(RECORDS PROVIDED)

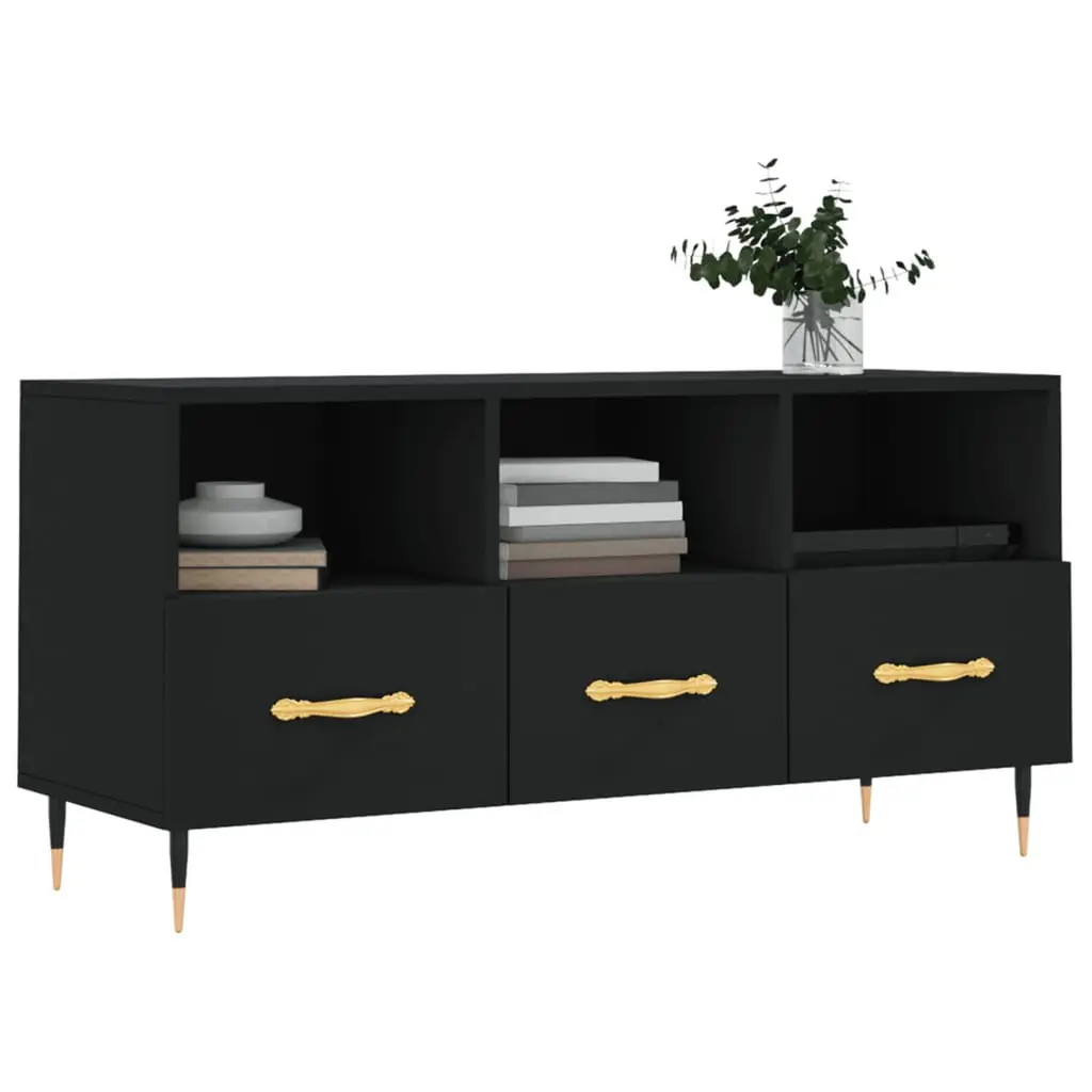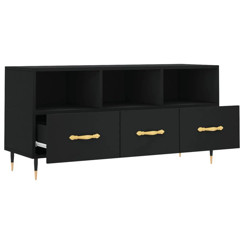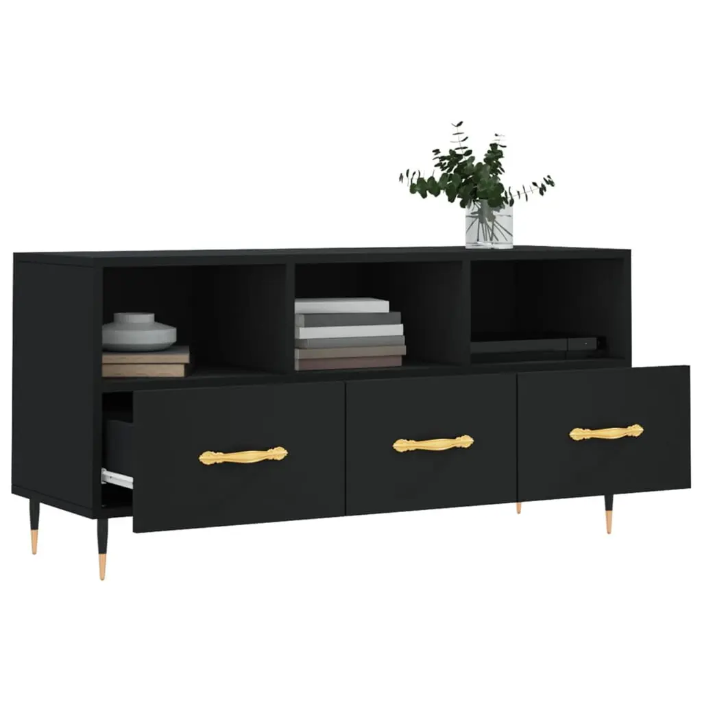 Vidaxl Tv Cabinet Black Engineered Wood, Iron 40.2 In Wide Tv Cabinet
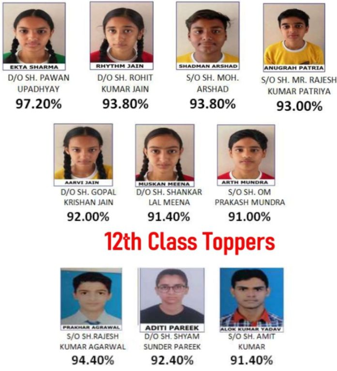 स्कूल निदेशक मोहित अग्रवाल ने बताया कि कक्षा 10 की एकता शर्मा पुत्री पवन उपाध्याय ने 97.20 प्रतिशत अंक प्राप्त कर स्कूल का नाम रोशन किया है। इसी तरह रिदम जैन पुत्री रोहित कुमार जैन ने 93.80, सद्दाम अरशद पुत्र मोहम्मद अरशद ने 93.80, अनुग्रह पत्रिया पुत्र राजेश कुमार पत्रिया ने 93 फीसदी, आरवि जैन पुत्री गोपाल कृष्ण ने 92, मुस्कान पुत्री शंकर लाल मीणा ने 91.40 एवं अर्थ पुत्र प्रकाश मूंदड़ा ने 91 फीसदी अंक प्राप्त किए हैं। इसी तरह कक्षा 12 में प्रखर अग्रवाल पुत्र राजेश कुमार अग्रवाल ने 94.40, अदिति पारीक पुत्री श्यामसुंदर पारीक ने 92.40 एवं आलोक कुमार यादव पुत्र अमित कुमार ने 91.40 अंक प्राप्त प्रशंसनीय सफलता हासिल की है।
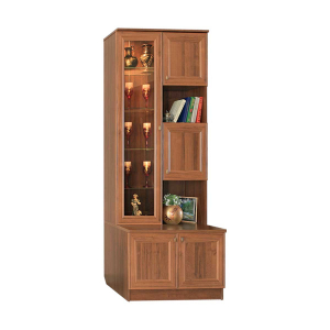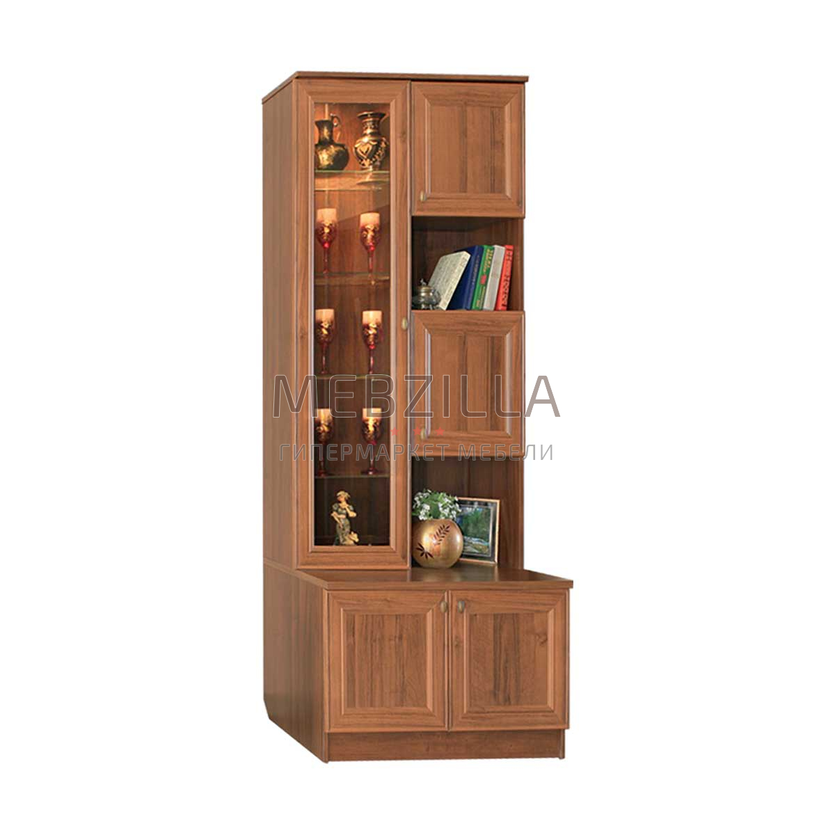 Шкаф комби №7 модульной гостиной Диана Люкс соединил в себе множество элементов - это и остекленная витрина с четырьмя полками и возможностью дополнительной установки подсветки на стеклополки, шкафчики, открытые полки, столешница толщиной 22 мм и шкафчик для хранения в нижней части с глухими дверцами.
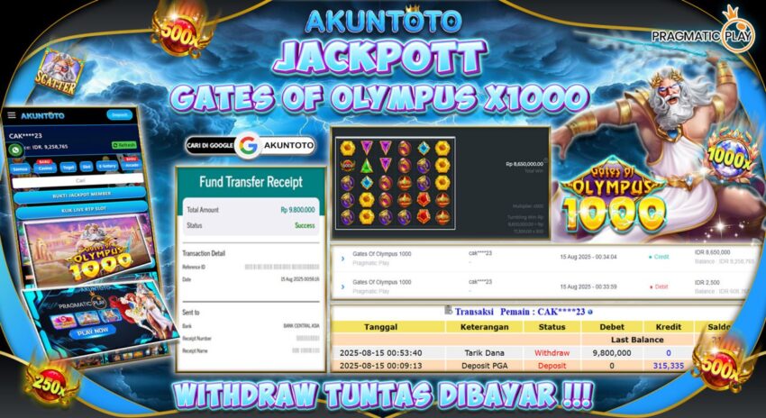AKUNTOTO JACKPOT SLOT GATES OF OLYMPUS 1000 Rp 9.800.000 JUMAT 15 AGUSTUS 2025
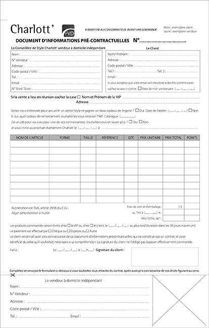 Lors des ventes en réunion, pour la prise de commande, les animatrices doivent remplir des bons de commande avec le bon de rétractation DIP sur lequel le client reconnait avoir pris connaissance des CGV et des Conditions de rétractation.

(End RECORDS PROVIDED)

• ACTIVITY
Restate all entries exactly; pictures stay out.

• TASK RESPONSE
 Vidaxl Tv Cabinet Black Engineered Wood, Iron 40.2 In Wide Tv Cabinet
 स्कूल निदेशक मोहित अग्रवाल ने बताया कि कक्षा 10 की एकता शर्मा पुत्री पवन उपाध्याय ने 97.20 प्रतिशत अंक प्राप्त कर स्कूल का नाम रोशन किया है। इसी तरह रिदम जैन पुत्री रोहित कुमार जैन ने 93.80, सद्दाम अरशद पुत्र मोहम्मद अरशद ने 93.80, अनुग्रह पत्रिया पुत्र राजेश कुमार पत्रिया ने 93 फीसदी, आरवि जैन पुत्री गोपाल कृष्ण ने 92, मुस्कान पुत्री शंकर लाल मीणा ने 91.40 एवं अर्थ पुत्र प्रकाश मूंदड़ा ने 91 फीसदी अंक प्राप्त किए हैं। इसी तरह कक्षा 12 में प्रखर अग्रवाल पुत्र राजेश कुमार अग्रवाल ने 94.40, अदिति पारीक पुत्री श्यामसुंदर पारीक ने 92.40 एवं आलोक कुमार यादव पुत्र अमित कुमार ने 91.40 अंक प्राप्त प्रशंसनीय सफलता हासिल की है।
 Шкаф комби №7 модульной гостиной Диана Люкс соединил в себе множество элементов - это и остекленная витрина с четырьмя полками и возможностью дополнительной установки подсветки на стеклополки, шкафчики, открытые полки, столешница толщиной 22 мм и шкафчик для хранения в нижней части с глухими дверцами.
AKUNTOTO JACKPOT SLOT GATES OF OLYMPUS 1000 Rp 9.800.000 JUMAT 15 AGUSTUS 2025
 Lors des ventes en réunion, pour la prise de commande, les animatrices doivent remplir des bons de commande avec le bon de rétractation DIP sur lequel le client reconnait avoir pris connaissance des CGV et des Conditions de rétractation.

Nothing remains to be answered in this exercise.